■ **Task requirements**: In your copy, leave out the pictures; write out all the data exactly.

■ **Data extract**:
____

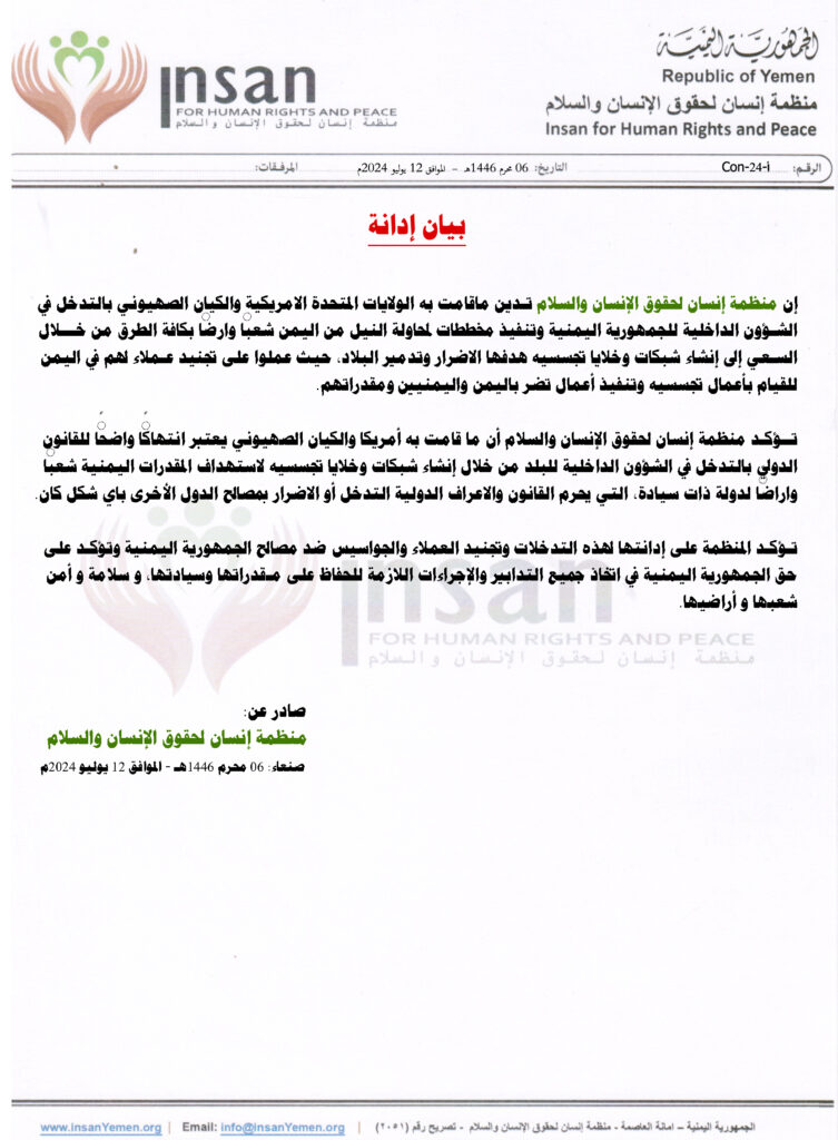 تــؤكـد منظمة إنسان لحقوق الإنسان والسلام أن ما قامت به أمريكا والكيان الصهيوني يعتبر انتهاكاً واضحاً للقانون الدولي بالتدخل في الشؤون الداخلية للبلد من خلال إنشاء شبكات وخلايا تجسسيه لاستهداف المقدرات اليمنية شعباً واراضاً لدولة ذات سيادة، التي يحرم القانون والاعراف الدولية التدخل أو الاضرار بمصالح الدول الأخرى باي شكل كان.
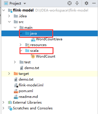在src.main目录下增加scala源目录,最终目录结构如下:
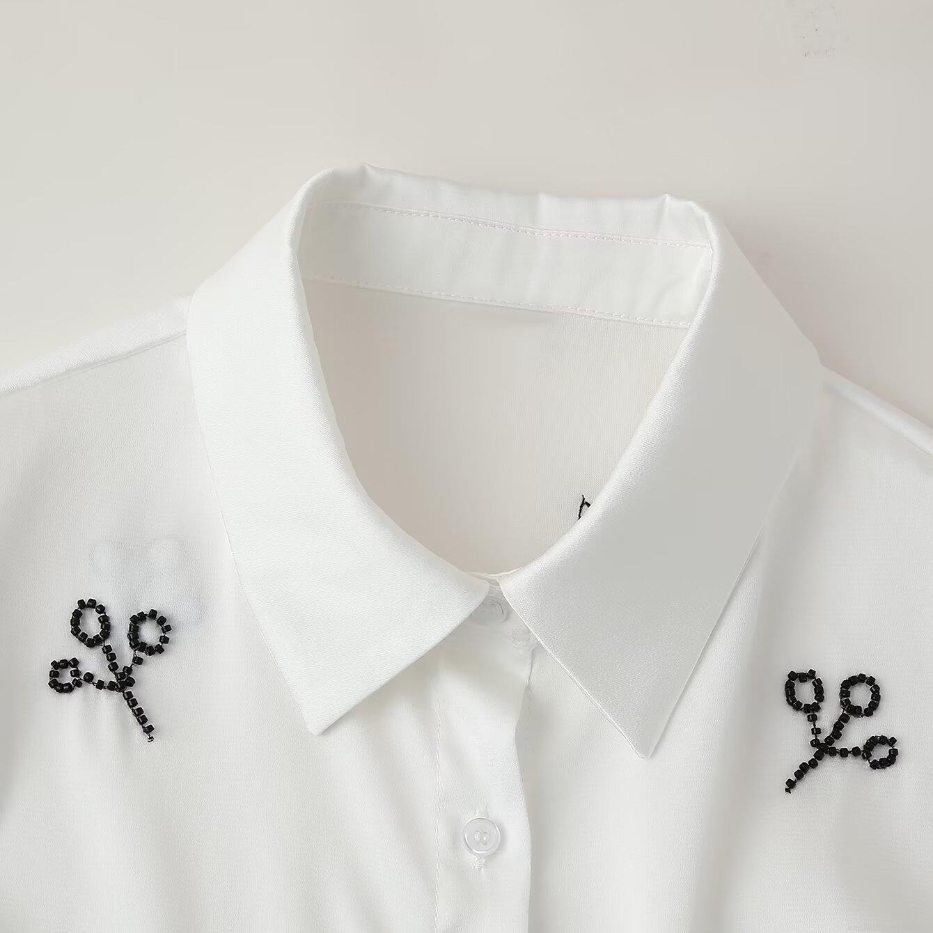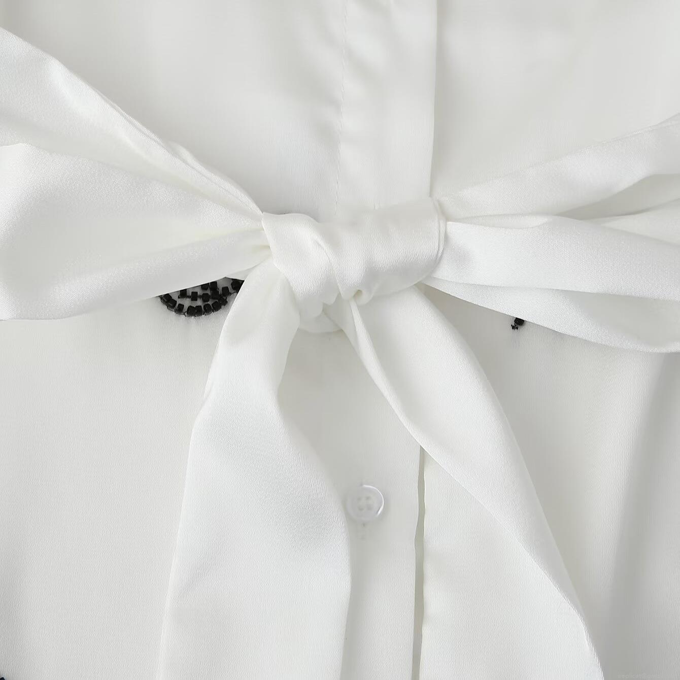 • Elegant White Beaded Leaf Pattern Blouse Women's Long Sleeve Lapel Waist Tie Shirt Office Commute Polyester Tops For Lady

____

■ **Answer box**:
 تــؤكـد منظمة إنسان لحقوق الإنسان والسلام أن ما قامت به أمريكا والكيان الصهيوني يعتبر انتهاكاً واضحاً للقانون الدولي بالتدخل في الشؤون الداخلية للبلد من خلال إنشاء شبكات وخلايا تجسسيه لاستهداف المقدرات اليمنية شعباً واراضاً لدولة ذات سيادة، التي يحرم القانون والاعراف الدولية التدخل أو الاضرار بمصالح الدول الأخرى باي شكل كان.
在src.main目录下增加scala源目录,最终目录结构如下:
 • Elegant White Beaded Leaf Pattern Blouse Women's Long Sleeve Lapel Waist Tie Shirt Office Commute Polyester Tops For Lady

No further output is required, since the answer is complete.